The generic workaround is to:

    su - postgres -c 'psql -d foreman -c "delete from foreman_tasks_locks where id in (select id from foreman_tasks_locks group by id having count(id) > 1);"'

Given we've not seen this so far with other large customer databases, I would suggest leaving this BZ open for now. If it turns out, that this would be more probable than it looks like right now, we could release a KCS article on this + implement a check to foreman-maintain to perform the cleanup before the upgrade.

Comment 14 Bryan Kearney 2019-08-05 12:22:30 UTC

The Satellite Team is attempting to provide an accurate backlog of bugzilla requests which we feel will be resolved in the next few releases.

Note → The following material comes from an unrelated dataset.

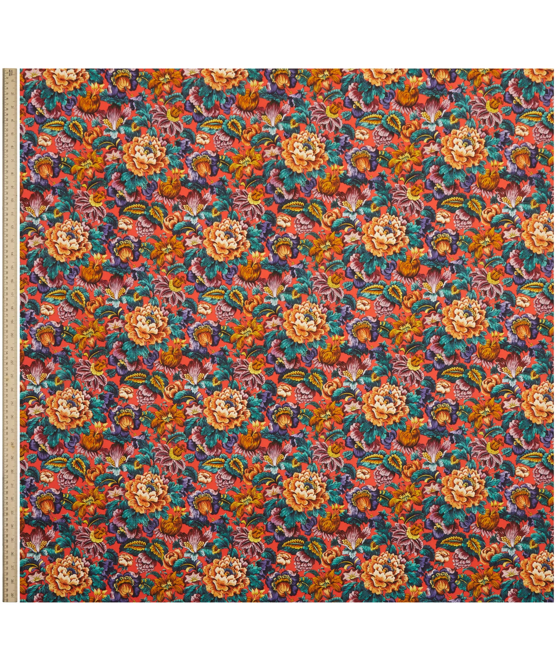 Inspired by a hand-painted artwork discovered in the Liberty archive, this opulent botanical showcases an abundance of magnificently displayed blooms. The unfurling petals of peonies, chrysanthemums and lilies gracefully cascade amidst a tapestry of lush foliage, meticulously weaving together a multisensory visual feast.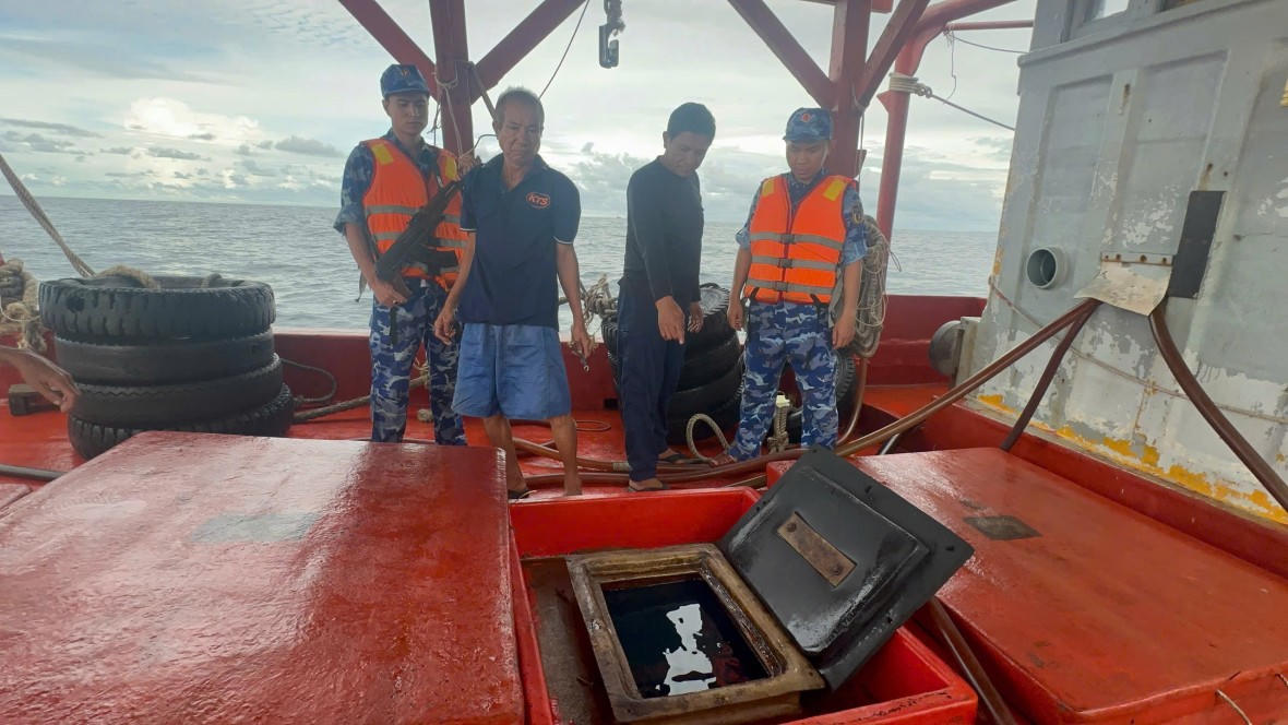 Bộ Tư lệnh Vùng Cảnh sát biển 4 kiểm tra tàu cá KG 93003 TS do ông Nguyễn Văn Long làm thuyền trưởng thì phát hiện đang vận chuyển khoảng 60.000 lít dầu D.O không có giấy tờ chứng minh nguồn gốc hợp pháp của hàng hóa. Số dầu này nếu trót lọt sẽ đem bán cho các tàu cá khai thác thủy sản trên biển.

We do not believe this bugzilla will meet that criteria, and have plans to close it out in 1 month. This is not a reflection on the validity of the request, but a reflection of the many priorities for the product. If you have any concerns about this, feel free to contact Red Hat Technical Support or your account team. If we do not hear from you, we will close this bug out. Thank you.

Comment 15 Bryan Kearney 2019-09-03 18:58:27 UTC

Thank you for your interest in Satellite 6. We have evaluated this request, and while we recognize that it is a valid request, we do not expect this to be implemented in the product in the foreseeable future. This is due to other priorities for the product, and not a reflection on the request itself. We are therefore closing this out as WONTFIX. If you have any concerns about this, please do not reopen. Instead, feel free to contact Red Hat Technical Support. Thank you.